U.S. Growth: Behind the GDP surprise

U.S. Growth: Behind the GDP surprise

Strong headline growth for the U.S., with the devil in the details; Policy signals from China as trade talks resume.

"No one can bear it if policy swings back and forth between tightening and loosening many times a year"
People's Bank of China Deputy Governor Liu Guoqiang

U.S. Growth: behind the GDP surprise  

U.S. GDP grew at a 3.2% annual pace in Q1, well above the expected 2.3%.

But what’s behind the figure, the first of three estimates by the Department of Commerce, was revealing. More than half of the 3.2% figure – 1.7 percentage points – was the result of changes in the famously volatile categories of inventories and trade, the biggest boost from these combined sources in six years. Growth in inventories adds to GDP because filling warehouses requires production. Net exports boosted the trade component, contributing 1.03 percentage points. However, that was large the result of declining imports, as companies completed their stockpiling ahead of a potential increase in U.S. tariffs on imports from China – something which has yet to take place.

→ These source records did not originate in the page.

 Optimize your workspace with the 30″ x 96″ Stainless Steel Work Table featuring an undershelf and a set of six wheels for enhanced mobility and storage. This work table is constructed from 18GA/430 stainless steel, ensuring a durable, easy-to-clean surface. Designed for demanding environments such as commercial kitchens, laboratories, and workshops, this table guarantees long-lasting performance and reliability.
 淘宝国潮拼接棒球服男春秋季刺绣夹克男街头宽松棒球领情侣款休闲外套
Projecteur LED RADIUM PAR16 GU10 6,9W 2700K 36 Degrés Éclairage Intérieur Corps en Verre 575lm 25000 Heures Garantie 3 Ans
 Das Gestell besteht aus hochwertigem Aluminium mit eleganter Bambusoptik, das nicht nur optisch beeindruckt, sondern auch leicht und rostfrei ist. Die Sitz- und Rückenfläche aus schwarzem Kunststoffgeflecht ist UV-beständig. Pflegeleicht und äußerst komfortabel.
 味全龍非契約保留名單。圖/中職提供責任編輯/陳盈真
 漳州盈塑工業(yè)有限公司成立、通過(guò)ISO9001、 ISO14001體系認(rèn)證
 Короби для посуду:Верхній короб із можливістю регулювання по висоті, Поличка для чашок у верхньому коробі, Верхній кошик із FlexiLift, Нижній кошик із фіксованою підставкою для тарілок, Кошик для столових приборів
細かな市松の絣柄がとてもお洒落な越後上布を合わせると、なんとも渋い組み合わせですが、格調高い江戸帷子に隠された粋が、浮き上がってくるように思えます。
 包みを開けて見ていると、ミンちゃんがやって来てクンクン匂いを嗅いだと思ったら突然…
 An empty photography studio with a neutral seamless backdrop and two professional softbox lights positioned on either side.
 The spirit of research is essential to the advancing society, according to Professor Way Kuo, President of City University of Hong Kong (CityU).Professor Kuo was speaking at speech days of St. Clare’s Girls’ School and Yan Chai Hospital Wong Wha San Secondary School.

Inventories and trade were little help for underlying demand, which was substantially lower than overall GDP growth. That statistic, defined as final sales to private domestic purchasers, excluding trade, inventories and government, came in at 1.3%, the worst reading since 2013. One way to interpret the boost to overall GDP from inventories and net imports: this quarter's growth was earned in part at the expense of growth from future quarters, when final sales could come from already-built inventories rather than fresh production.

Personal consumption for Q1 was only slightly better than forecast, coming in at a 1.2% headline rate, and 1.3% excluding fuel and food.

Initial market reaction in fixed income was strongly positive. The yield for the 10-year Treasury moved downward from 2.525% to 2.493%; the 2-year from 2.320% down to 2.276%. U.S equities were less focused on the economic news than on the rapidly-unfolding earnings season, currently in progress.

China: Belt and Road – and trade.

The Belt and Road forum in Beijing last week was the scene of two important policy speeches.  The first, from People's Bank of China Governor Yi Gang focused on "building an open, market-oriented financing and investment system" for the multi-country program, deploying capital from the private sector as "the main force, while government funding will only play a guiding role, a leveraging role".

The second speech was delivered by Chinese President Xi Jinping, and included statements relevant to China's overall trade policy and current negotiations between China and the U.S.  Specifically, China "…will establish a binding enforcement system for international agreements" and “…eliminate improper rules, subsidies and practices that impede fair competition and distort the market."

This second speech coincided with the announcement of a new round of meetings of the top-level trade negotiation teams for China and the U.S.  U.S. Trade Representative Robert Lighthizer and Treasury Secretary Steve Mnuchin are headed to Beijing for talks scheduled to begin on April 30th; the talks were described by the White House as "cover[ing] trade issues including intellectual property, forced technology transfer, non-tariff barriers, agriculture, services, purchases, and enforcement”.